For Ivan saw that the plan had not worked quite so well, at least with their particular train. They had hardly cracked through the mountain wall, instead beginning an avalanche over them that had left the train half buried, twisted, and still blocking the tunnel exit so that the soldiers running behind could not easily get out.
Ivan grabbed at the twisted metal cart cover and shoved with all his strength. When that did nothing, he reached out over it and tried to pry away some of the heavy stones holding it down.
"Come on, lads!" he shouted. "Afore the damned orcs catch us in a box!"
They all began shoving and shouldering the metal cover, and it creaked open a bit more. Ivan wasted no time in squeezing out.
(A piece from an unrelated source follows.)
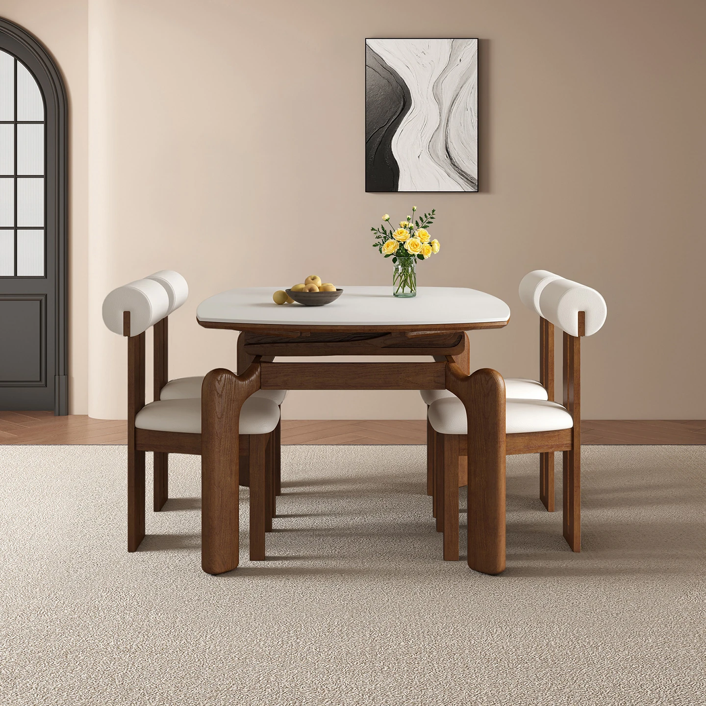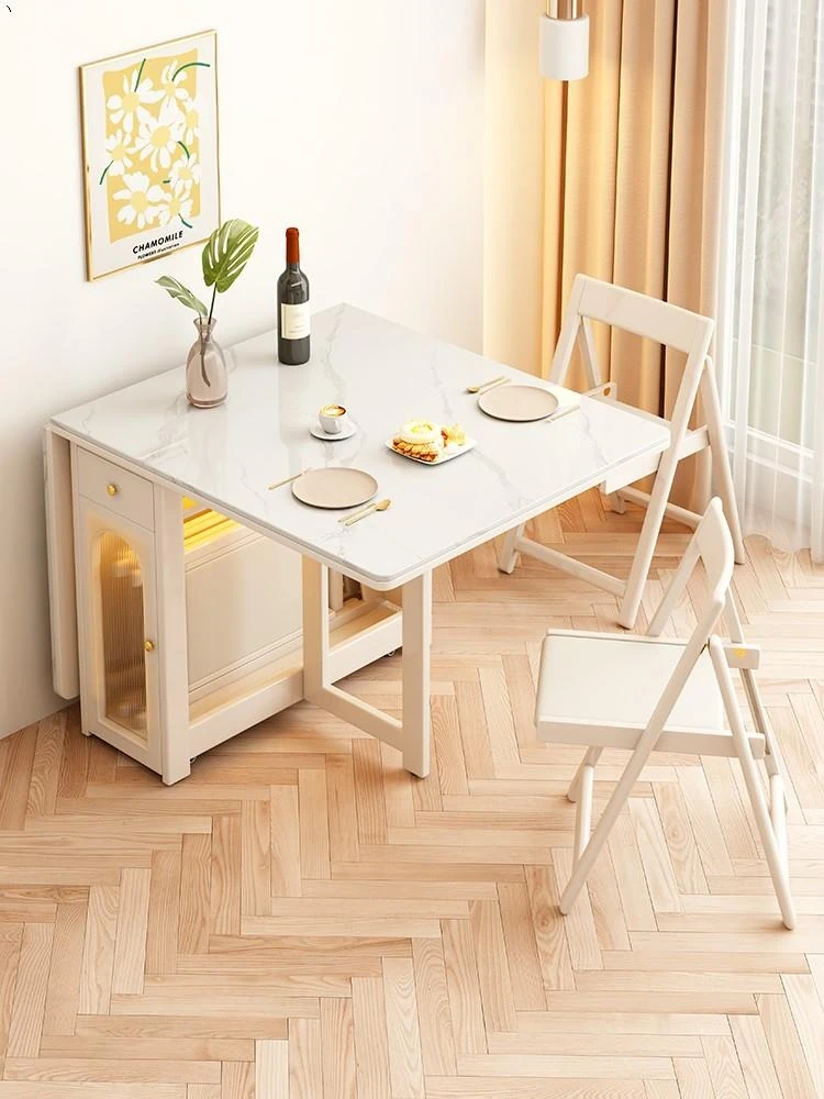 クリーム風折りたたみ岩板ダイニングテーブル&チェアセット - シンプルでスタイリッシュな白色、家庭に最適!多機能で移動可能な無垢材製の食卓で、毎日の食事を特別な時間に演出します。

The view from that vantage point proved no more encouraging. Only two of the other nine carts were open, and the dwarves coming out were bleeding and dazed. Half the mountainside had come down upon them, it seemed, and they were stuck.
And to the east, Ivan saw and heard the charge of the orcs.
The yellow-bearded dwarf scrambled atop his damaged cart and pushed aside several stones, then reached back and tugged the cover with all his strength.
Out popped Pikel, then another and another, with Ivan shouting encouragement all the while.
The orcs closed.
But then a second roar came down from just north of their position, and Ivan managed to get a peek over a pile of rubble to see the countering charge of the Battlehammer dwarves. The center train and the northern one had pounded right through, exactly as planned, and the army was pouring out of Mithral Hall in full force, sweeping east and fanning south to form a perimeter around the catastrophe of the southernmost train. The fierce dwarves met the orc charge head on, axe against spear, sword against sword, in such a violent and headlong explosion that half the orcs and dwarves leading their respective charges were down in the first seconds of engagement.
Ivan leaped from the rubble and led the charge of those few among the dwarves of the southern train who could follow. Of the eighty in the carts of that southern train, less than a score came forth, the others out of the fight either because of serious injury or because they simply could not force open their twisted and buried carts.